# turning mastodon/mammoth ivory



## bake (May 1, 2008)

Has anyone had any experience turning mastodon ivory?
A friend gave me a small piece of tusk and asked me to make a couple of pens. I know that people do turn it I just wondered if anyone had any tips.
It looks to me like the outer bark may break off but the inner core looks pretty solid.
This is not fossilized but it is somewhat mineralized so it's supposed to be somewhat harder than elephant ivory.
FYI, mastodon ivory is not regulated like elephant ivory.

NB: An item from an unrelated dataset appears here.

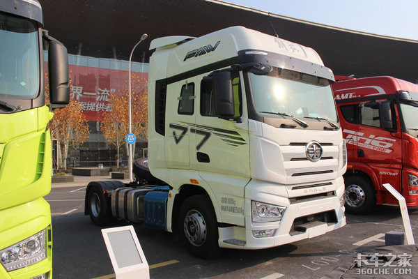 第二款是一汽解放J7,4×2牵引车,该车是2020年年底一汽解放商务年会上展出的,搭载560国六机匹配采埃孚AMT,还配置了空气悬挂和液力缓速器。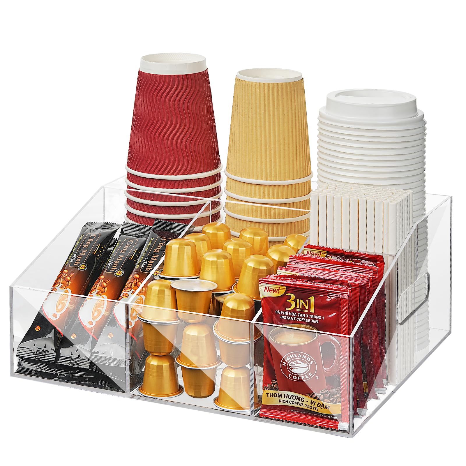 Organizador de barra de café, organizador acrílico de 5 compartimentos para encimera, tapas de tazas, vainas, jarabes y otros acce

It can be bought and sold and imported and exported.
It is often found in the arctic sticking out of riverbanks where the natural erosion has exposed it.
I know one gentleman that spends his summers floating arctic rivers looking for the stuff and then exports it to Bali where he works with a group of artists carving it, and I have another friend in the mining industry in Alaska and they dig it up all of the time, another friend has an entire tusk that his grandfather left him.(His grandfather had been a bush pilot in Alaska in the 50's and found an entire skeleton sticking out of a river bank while searching for some lost hunters. He was able to retrieve both tusks).


----------



## tamboti (Oct 19, 2009)

Hi I have turned a small piece of ivory and all I can say to you is your tools must be sharp and for detail use a 3 three point tool and if you dont have one get 6mm / 1/4" piece of HSS rod about 8" long and make one you will always use it again for fine detail work Regards Tambotie


----------